Les libéraux veulent croire que l'intégration des contraintes
écologistes par le marché pourrait suffire à rendre
le productivisme durable. C'est la voie empruntée par les conférences
sur le climat (Kyôto, Buenos-Aires), c'est la logique des écotaxes
: valoriser la pollution. Il est pourtant évident qu'on ne
pourra continuer le rythme actuel de croissance des pays développés
et de destruction des ressources non renouvelables. Les mesures que n'arrivent
pas à mettre en place les États pour diminuer l'émission
de CO2 sont notoirement insuffisantes mais sont déjà antinomiques
avec une politique de croissance économique. Le capitalisme ne peut
renier son fondement productiviste et continuera, comme toujours, à
ignorer les menaces tant que les catastrophes ne se seront pas produites.
En fait le libéralisme n'est pas supportable dans tous les sens
du terme, il n'est pas défendable et ne peut prétendre être
ni l'économie naturelle, ni une réalité définitive.
Le capitalisme, le productivisme, l'individualisme, le salariat, le règne
de l'argent ne sont pas compatibles avec les limites planétaires
matérielles qui ont été atteintes. L'environnementalisme
libéral est une blague qui ne fait rien que d'endormir notre conscience
des limites avec sa prétention de s'attaquer aux causes alors qu'il
ne peut qu'en diminuer les effets et laisse se continuer la dégradation
de nos vies. Les tendances de l'économie à dépenser
moins d'énergie, par un net accroissement du rendement énergétique
ainsi que par le passage à une économie immatérielle
de l'information, ne sont trop souvent que de belles histoires qu'on nous raconte pour
surtout ne rien faire car la réalité actuelle, et pour longtemps
encore, est celle d'une énorme dilapidation de ressources qui ne
sert même pas à réduire la misère et expose
les générations futures à tous les dangers. Les écologistes
sont pour la liberté, l'autonomie, le marché, ils ne peuvent
être "libéraux" car la liberté des hommes vivants doit
être supérieure à la liberté des capitaux. Le libéralisme
écologiste se veut le plus souvent un libéralisme contrôlé (y
compris par la taxe Tobin par exemple) mais c'est bien cette illusion que
le système capitaliste soit réformable dans son productivisme
qu'il faut combattre. Cela ne signifie pas qu'on ne doit ni le réformer
ni le contrôler dans l'immédiat mais que cela ne peut être
un projet de société ; sinon le réformisme écologiste
libéral n'est qu'un conservatisme, une façon de rendre un
tout petit peu plus durable la domination aveugle de l'argent.

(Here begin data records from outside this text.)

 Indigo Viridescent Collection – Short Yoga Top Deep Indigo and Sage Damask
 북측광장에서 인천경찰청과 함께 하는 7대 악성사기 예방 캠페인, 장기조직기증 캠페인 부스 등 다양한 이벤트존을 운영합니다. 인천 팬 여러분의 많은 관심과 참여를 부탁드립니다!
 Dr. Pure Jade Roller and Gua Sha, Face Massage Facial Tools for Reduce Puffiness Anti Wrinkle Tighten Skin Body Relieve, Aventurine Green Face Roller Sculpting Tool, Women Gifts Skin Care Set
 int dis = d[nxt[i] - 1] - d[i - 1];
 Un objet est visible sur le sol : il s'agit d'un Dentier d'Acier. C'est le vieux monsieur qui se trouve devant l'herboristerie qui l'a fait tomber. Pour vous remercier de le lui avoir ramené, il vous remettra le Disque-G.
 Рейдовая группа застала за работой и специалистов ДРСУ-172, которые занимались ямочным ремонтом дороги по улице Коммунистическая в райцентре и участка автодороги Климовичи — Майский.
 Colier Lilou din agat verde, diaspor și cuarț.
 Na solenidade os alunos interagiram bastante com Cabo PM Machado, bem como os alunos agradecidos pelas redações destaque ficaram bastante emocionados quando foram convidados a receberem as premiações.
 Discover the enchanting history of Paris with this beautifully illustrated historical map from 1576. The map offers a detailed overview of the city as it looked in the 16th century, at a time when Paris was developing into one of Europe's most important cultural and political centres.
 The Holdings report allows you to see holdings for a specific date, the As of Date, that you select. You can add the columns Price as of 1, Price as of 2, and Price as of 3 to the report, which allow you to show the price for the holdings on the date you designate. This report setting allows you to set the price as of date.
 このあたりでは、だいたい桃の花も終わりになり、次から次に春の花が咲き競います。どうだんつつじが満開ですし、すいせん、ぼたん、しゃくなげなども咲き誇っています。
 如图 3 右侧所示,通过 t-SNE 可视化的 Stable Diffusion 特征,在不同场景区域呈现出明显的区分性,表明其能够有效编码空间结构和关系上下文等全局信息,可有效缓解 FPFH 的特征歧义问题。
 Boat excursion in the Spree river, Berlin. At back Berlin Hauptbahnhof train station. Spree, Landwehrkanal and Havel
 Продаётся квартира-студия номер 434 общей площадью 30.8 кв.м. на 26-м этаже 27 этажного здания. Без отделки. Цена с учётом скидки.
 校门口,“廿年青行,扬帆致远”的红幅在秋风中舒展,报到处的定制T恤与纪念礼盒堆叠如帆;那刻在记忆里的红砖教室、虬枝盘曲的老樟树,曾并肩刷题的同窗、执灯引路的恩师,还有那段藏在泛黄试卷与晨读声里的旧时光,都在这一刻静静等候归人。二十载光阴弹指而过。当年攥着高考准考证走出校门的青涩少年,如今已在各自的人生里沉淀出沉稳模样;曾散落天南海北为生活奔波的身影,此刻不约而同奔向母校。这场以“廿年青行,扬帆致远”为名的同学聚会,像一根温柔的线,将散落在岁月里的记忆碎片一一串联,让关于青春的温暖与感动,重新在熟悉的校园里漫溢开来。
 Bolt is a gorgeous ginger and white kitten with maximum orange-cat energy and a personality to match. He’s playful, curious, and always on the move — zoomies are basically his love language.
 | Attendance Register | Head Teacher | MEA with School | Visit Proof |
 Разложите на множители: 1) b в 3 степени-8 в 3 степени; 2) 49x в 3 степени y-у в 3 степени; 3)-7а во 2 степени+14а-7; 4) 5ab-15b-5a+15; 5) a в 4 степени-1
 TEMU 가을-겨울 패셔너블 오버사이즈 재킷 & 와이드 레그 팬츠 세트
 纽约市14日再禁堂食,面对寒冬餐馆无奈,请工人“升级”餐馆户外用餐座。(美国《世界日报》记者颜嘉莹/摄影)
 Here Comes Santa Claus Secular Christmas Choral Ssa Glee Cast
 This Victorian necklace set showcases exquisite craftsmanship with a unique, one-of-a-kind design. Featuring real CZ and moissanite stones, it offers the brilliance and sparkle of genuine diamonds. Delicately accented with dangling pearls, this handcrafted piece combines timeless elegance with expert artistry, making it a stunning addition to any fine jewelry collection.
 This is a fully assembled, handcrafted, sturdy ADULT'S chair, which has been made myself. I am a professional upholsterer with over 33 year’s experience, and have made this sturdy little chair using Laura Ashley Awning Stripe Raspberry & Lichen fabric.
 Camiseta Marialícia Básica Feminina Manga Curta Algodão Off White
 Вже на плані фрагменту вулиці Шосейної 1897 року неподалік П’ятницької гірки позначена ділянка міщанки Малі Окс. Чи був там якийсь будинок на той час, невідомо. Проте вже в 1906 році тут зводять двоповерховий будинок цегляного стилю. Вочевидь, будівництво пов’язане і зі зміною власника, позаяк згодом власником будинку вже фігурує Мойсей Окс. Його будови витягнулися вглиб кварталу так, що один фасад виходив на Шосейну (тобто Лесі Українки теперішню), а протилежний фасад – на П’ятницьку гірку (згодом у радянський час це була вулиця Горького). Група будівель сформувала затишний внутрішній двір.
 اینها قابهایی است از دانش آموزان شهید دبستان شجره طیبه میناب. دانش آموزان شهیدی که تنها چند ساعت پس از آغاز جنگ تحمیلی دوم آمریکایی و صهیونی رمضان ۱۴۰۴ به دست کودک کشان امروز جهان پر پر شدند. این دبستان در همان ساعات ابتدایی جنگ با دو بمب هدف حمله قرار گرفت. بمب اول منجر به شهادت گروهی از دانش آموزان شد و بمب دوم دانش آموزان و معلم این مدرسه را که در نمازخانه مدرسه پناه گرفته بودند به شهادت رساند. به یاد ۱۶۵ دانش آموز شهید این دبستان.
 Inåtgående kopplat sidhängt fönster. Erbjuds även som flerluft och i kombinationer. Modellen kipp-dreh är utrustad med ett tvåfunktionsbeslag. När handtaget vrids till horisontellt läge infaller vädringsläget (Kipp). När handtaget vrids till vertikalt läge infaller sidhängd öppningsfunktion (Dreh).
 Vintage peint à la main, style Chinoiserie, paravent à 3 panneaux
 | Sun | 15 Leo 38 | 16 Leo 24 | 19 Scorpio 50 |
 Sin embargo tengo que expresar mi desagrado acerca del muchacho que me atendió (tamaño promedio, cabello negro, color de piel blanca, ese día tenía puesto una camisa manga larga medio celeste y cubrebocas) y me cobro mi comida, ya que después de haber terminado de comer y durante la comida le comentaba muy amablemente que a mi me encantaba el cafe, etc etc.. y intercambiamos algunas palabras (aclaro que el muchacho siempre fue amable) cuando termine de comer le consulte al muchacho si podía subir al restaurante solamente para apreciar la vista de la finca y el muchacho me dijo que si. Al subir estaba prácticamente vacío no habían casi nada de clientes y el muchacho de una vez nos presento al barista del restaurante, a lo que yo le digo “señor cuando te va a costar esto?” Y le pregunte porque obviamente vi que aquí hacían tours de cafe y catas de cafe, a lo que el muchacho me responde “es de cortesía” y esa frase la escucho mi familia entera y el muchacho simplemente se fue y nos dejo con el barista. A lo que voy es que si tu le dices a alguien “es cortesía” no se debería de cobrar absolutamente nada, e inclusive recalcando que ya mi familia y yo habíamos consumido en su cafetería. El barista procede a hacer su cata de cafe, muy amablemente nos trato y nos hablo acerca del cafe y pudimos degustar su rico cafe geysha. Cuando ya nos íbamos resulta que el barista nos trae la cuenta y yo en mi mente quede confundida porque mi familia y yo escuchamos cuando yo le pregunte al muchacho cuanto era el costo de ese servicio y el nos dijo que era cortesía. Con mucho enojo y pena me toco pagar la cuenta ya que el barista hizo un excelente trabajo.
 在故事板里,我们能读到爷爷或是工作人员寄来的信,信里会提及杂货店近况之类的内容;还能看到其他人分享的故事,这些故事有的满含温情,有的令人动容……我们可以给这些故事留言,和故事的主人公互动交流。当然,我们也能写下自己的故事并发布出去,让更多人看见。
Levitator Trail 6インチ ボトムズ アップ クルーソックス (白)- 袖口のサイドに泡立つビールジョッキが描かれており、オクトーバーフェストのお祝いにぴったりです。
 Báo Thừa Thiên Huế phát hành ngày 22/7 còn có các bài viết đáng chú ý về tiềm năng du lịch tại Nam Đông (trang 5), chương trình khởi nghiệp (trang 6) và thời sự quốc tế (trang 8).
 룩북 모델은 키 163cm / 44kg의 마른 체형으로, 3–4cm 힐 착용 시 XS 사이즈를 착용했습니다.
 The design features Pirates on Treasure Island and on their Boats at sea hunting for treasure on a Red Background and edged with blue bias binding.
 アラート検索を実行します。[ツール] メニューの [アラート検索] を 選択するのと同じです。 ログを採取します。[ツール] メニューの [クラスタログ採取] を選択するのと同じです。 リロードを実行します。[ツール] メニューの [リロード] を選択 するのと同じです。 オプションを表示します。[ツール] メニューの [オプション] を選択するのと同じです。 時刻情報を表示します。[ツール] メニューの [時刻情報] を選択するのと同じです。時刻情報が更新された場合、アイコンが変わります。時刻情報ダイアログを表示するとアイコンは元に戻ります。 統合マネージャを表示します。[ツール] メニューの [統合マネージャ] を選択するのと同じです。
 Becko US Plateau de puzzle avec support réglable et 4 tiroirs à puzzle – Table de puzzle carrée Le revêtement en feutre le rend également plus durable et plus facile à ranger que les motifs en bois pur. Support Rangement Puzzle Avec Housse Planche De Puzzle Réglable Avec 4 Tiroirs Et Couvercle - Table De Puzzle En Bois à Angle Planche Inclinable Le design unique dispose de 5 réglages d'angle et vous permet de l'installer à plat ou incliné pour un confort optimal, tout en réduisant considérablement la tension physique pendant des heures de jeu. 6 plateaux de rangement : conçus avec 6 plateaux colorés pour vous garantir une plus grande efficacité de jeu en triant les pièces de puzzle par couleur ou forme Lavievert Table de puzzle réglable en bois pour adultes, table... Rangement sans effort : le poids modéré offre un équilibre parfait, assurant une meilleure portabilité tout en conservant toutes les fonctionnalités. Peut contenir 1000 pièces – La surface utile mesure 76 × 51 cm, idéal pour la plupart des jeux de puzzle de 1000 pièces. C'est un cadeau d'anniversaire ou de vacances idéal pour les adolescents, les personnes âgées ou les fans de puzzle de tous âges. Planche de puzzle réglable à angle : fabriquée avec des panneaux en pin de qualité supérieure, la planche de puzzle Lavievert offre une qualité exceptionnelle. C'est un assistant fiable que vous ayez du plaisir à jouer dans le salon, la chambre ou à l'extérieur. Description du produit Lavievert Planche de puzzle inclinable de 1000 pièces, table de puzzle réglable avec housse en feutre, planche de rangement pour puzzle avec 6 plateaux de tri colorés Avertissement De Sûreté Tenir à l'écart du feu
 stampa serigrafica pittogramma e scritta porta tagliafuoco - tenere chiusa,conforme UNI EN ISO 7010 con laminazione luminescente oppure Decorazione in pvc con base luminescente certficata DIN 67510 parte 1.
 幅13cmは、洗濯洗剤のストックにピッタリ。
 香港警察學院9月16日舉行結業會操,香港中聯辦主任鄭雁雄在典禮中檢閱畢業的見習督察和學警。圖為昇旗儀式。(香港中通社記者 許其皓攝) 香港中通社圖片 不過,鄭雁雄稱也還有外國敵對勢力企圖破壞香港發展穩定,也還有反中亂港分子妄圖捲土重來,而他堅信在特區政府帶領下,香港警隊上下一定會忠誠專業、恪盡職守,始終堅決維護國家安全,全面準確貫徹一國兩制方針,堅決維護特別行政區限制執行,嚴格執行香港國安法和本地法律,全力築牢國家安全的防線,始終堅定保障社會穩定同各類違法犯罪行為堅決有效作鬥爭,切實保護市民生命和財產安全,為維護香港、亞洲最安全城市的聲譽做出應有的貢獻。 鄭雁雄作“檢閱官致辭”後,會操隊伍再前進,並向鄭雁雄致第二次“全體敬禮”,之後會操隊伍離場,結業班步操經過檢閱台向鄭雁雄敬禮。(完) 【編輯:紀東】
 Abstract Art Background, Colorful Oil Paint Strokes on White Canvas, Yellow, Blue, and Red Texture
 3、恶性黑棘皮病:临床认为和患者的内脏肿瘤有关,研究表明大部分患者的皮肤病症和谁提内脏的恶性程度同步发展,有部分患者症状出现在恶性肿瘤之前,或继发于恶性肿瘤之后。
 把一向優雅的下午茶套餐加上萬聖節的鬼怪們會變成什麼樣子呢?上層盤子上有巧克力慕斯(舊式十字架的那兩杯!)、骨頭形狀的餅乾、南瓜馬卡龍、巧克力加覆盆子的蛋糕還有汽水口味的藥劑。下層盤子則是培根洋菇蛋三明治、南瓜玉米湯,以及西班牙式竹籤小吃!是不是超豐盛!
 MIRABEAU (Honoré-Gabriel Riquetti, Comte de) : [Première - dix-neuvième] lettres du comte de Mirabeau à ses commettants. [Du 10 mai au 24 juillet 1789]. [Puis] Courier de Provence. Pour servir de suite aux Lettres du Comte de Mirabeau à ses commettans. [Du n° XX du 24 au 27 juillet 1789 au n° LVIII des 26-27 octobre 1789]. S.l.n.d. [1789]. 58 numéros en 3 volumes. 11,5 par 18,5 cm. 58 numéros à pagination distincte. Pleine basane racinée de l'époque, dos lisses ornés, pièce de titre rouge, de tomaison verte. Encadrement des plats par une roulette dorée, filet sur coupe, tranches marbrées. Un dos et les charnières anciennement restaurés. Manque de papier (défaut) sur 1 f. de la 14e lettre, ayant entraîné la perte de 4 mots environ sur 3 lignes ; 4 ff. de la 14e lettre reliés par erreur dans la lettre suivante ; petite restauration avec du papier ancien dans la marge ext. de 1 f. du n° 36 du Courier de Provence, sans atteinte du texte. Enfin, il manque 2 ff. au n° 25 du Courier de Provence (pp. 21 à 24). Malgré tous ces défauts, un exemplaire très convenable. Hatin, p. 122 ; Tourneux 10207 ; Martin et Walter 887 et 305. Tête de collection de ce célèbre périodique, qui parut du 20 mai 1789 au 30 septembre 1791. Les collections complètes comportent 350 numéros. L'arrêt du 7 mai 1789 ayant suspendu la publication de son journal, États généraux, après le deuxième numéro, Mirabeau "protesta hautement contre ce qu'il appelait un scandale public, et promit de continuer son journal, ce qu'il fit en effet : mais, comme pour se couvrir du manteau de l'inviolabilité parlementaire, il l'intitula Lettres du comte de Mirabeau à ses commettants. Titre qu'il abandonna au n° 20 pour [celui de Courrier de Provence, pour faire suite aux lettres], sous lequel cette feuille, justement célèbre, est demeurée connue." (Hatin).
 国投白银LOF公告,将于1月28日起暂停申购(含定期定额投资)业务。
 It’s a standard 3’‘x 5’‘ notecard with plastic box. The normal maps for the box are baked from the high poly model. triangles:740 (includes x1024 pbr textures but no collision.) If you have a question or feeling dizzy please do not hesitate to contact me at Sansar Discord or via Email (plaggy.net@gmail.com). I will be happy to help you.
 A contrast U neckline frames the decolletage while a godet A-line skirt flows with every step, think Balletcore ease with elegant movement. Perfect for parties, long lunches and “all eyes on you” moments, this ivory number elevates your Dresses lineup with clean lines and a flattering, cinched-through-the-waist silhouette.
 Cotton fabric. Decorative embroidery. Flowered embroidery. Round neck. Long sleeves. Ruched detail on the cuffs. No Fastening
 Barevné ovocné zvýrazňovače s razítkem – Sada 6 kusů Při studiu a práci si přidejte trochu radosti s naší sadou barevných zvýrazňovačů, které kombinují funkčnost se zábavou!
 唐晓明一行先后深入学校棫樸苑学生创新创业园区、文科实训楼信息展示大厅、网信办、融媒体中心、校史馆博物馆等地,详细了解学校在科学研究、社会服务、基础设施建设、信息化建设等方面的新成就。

Les réformistes de gauche prennent plus au sérieux les
contraintes écologiques et savent ramener les problèmes écologiques
à leur origine sociale et économique. Ils remettent vraiment
en cause capitalisme et productivisme mais ne trouvent pas d'autres alternatives
qu'une étatisation générale de la société,
ce qui est bien une prise de conscience de la société comme
telle mais qui reste dominée (on prétend y introduire plus
de démocratie!). Les militants issus de la fonction publique ou
de monopoles d'État défendent naturellement le dépassement
du productivisme par un renforcement du politique et de l'État dans
la direction de l'économie et, concrètement, par des nationalisations.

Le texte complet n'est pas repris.